# FastPow

This package provides a macro `@fastpow`

that can speed up
the computation of *integer powers* in any Julia expression
by transforming them into *optimal sequences of multiplications*,
with a slight sacrifice in accuracy compared to Julia's built-in
`x^n`

function. It also optimizes powers of the form `1^p`

, `(-1)^p`

, `2^p`

, and `10^p`

.

In particular, it uses optimal addition-chain exponentiation for (literal) integer powers up to 255, and for larger powers uses repeated squaring to first reduce the power to ≤ 255 and then use addition chains.

For example, `@fastpow z^25`

requires 6 multiplications, and for `z = 0.73`

it gives the correct answer to a relative error of `≈ 1.877e-15`

(about 8 ulps), vs. the default `z^25`

which gives the correct answer to a relative error of `≈ 6.03e-16`

(about 3 ulps) but is about 10× slower.

Note that you can apply the `@fastpow`

macro to a whole *block*
of Julia code at once.

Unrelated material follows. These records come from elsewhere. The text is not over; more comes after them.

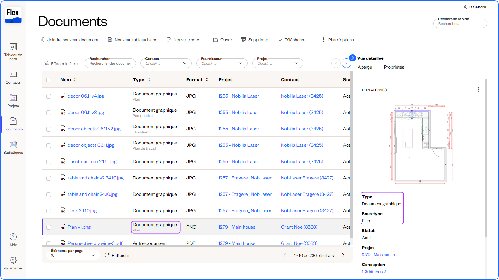 Nouveau sous-type pour les documents graphiques - Lors de l'enregistrement d'un document graphique sur la plateforme Flex, il disposera désormais d'une sous-catégorie de plan, perspective, élévation et plan de travail. Le sous-type peut également être filtré lors de la visualisation des documents sur la plateforme.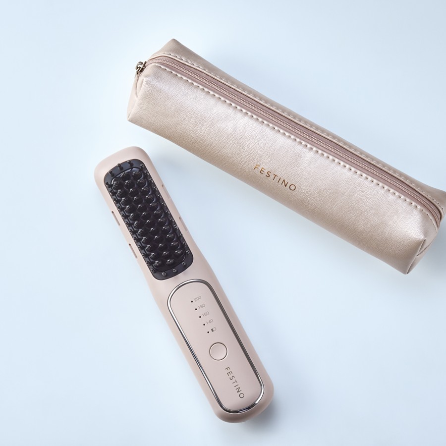 <フェスティノ>充電式スタイリングヒーターブラシ サンドベージュ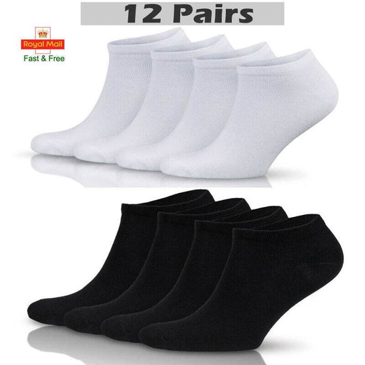 Lot de 12 paires de chaussettes de sport invisibles en coton pour homme et femme

For example,

```
@fastpow function foo(x,y)
z = sin(x)^3 + sqrt(y)
return z^7 - 4x^5.3 + 3y^12
end
```

applies the `@fastpow`

transformation to *every* literal integer
exponent (`^3`

, `^7`

, and `^12`

) in the function `foo`

.

An alternative to `@fastpow`

is to use Julia's built-in
`@fastmath`

macro, which enables various LLVM optimizations
including, in some cases, faster integer powers using
repeated multiplication. The advantages of `@fastpow`

are that
it *guarantees* optimal addition-chain exponentiation
and that it works for exponentiating *any* Julia type
(e.g. complex numbers, matrices, …), whereas LLVM will only
optimize a small set of hardware numeric types.